Planned Missing Data

Overview
Planned missing data design have long been considerations in research methods (Graham, 2006; Shoemaker, 1971; Twisk, 2001). In planned missing data designs, participants are intentionally not presented with all the items used in a study. The hope is that by reducing the demands made of participants, participant fatigue and drop-out (attrition) will be reduced.
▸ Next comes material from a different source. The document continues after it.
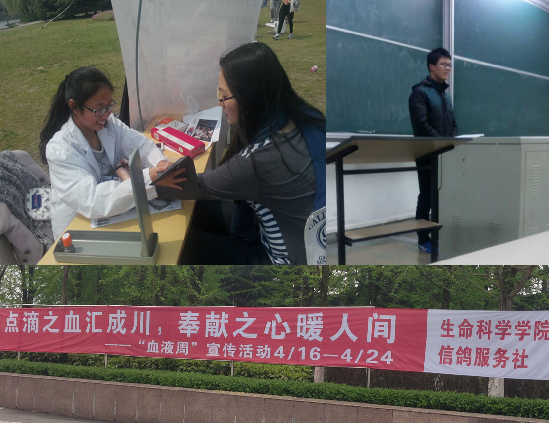 在献血活动如火如荼进行者的同时,365英国上市公司信鸽服务社的血液周活动也如期开展。在活动第一天,因恰逢365英国上市公司第二届社团文化节,信鸽服务社在社团文化节现场通过量血压的方式,增加同学对于血液周活动的关注。而在活动期间,信鸽服务社的社员们会在上午、下午分两拨前往伟长楼的献血处向前来现学的同学和已经献好血的同学分发有关献血的小贴士和献血前后的注意事项,帮助同学更科学的认识献血,消除不必要的恐慌,并且让身体在献血后得到更好地恢复。社员中还有不少在献完血后还坚持参与社团工作的小伙伴,所有人都怀抱着一份无比热忱的爱心和志愿者之心参与到活动中。

In the case of online surveys such as the Wellbeing Assessment, planned missing data designs are intended to reduce attrition by asking participants to complete fewer items.

The multiform approach
There are many approaches to planned missing data designs. For the Wellbeing Assessment, we use the multiform approach, which is sometimes referred to as a split questionnaire or efficiency design. We use a within-block version of this design. Participants receive some items from each dimension, but they do not receive items from all of the dimensions. A hypothetical example of a within-block design for a single survey respondent is presented in Table 1. In that example, the respondent receives items 1 and 3 from Scale A, 2 and 4 from Scale B, and 2 and 3 from Scale C.
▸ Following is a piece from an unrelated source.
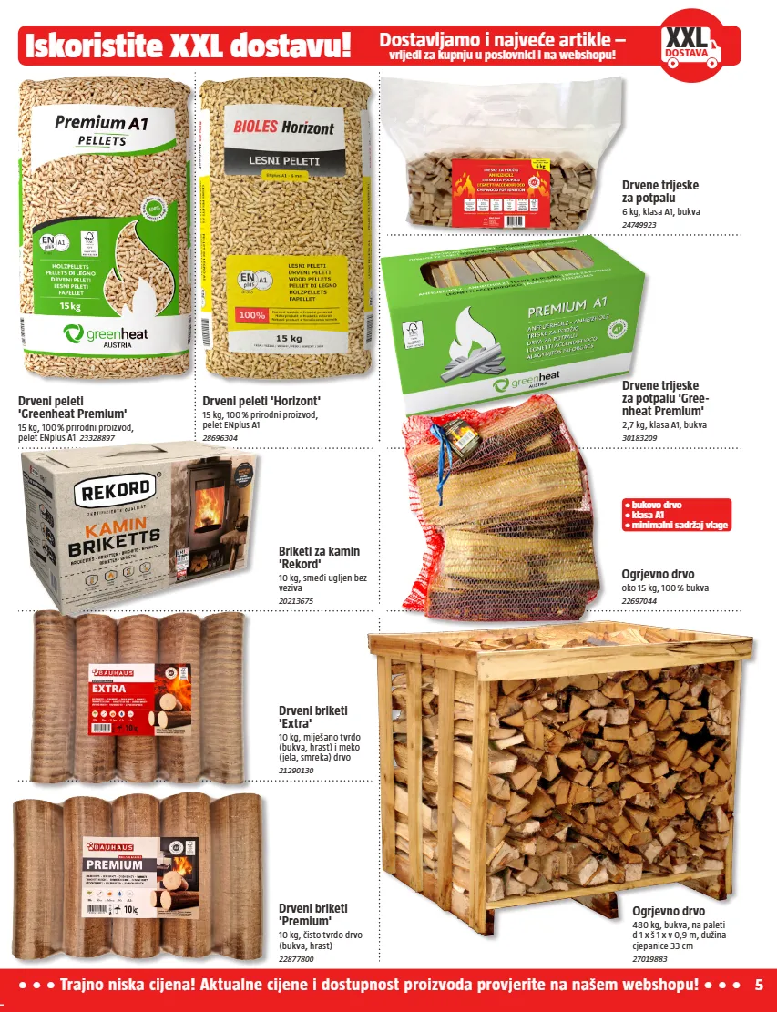 5 xxl dostava iskoristite xxl dostavu! dostavljamo i najveće artikle – vrijedi za kupnju u poslovnici i na webshopu! • bukovo drvo • klasa a1 • minimalni sadržaj vlage • • • trajno niska cijena! aktualne cijene i dostupnost proizvoda provjerite na našem webshopu! • • • drveni peleti 'horizont' 15 kg, 100 % prirodni proizvod, pelet enplus a1 28696304 drveni briketi 'premium' 10 kg, čisto tvrdo drvo (bukva, hrast) 22877800 drvene trijeske za potpalu 6 kg, klasa a1, bukva 24749923 drveni peleti 'greenheat premium' 15 kg, 100 % prirodni proizvod, pelet enplus a1 23328897 briketi za kamin 'rekord' 10 kg, smeđi ugljen bez veziva 20213675 drvene trijeske za potpalu 'gree- nheat premium' 2,7 kg, klasa a1, bukva 30183209 drveni briketi 'extra' 10 kg, miješano tvrdo (bukva, hrast) i meko (jela, smreka) drvo 21290130 ogrjevno drvo oko 15 kg, 100 % bukva 22697044 ogrjevno drvo 480 kg, bukva, na paleti d 1 x š 1 x v 0,9 m, dužina cjepanice 33 cm 27019883

Table 1. Sample within-block design for Participant A

Item # Scale A items Scale B items Scale C items
1 x
2 x x
3 x x
4 x

In contrast, a between-block design gives participants the items from some dimensions, but none from others. A hypothetical example of a between-block design for a single survey respondent is presented in Table 2. In that example, the respondent receives all the items from Scale A, but none from Scale B or Scale C.

Table 2. Sample between-block design for Participant A

Item # Scale A items Scale B items Scale C items
1 x
2 x
3 x
4 x

In most studies of planned missing data designs’ performance, within-block designs result in less loss of statistical power than between-block designs. Within-block designs are typically more powerful because all participants provide at least a few between-scale data points for all possible between-scale combinations. Within-block designs are particularly useful for research questions that focus on estimating relations between sets of items or latent factors, which is one of the key goals of the Wellbeing Assessment: we want to know how wellbeing outcomes are affected by each other and how they are associated with pathway items and other variables such as life satisfaction, mood, GPA, and intent to transfer.

In contrast, between-block designs capture some between-scale data points within each participant, but there are also some between-scale combinations that are not captured at all. The benefit of the between-block design is that it is more robust for research questions that focus on evaluating the association of items within scales. An example is factor analytic studies that have little focus on between-scale comparisons.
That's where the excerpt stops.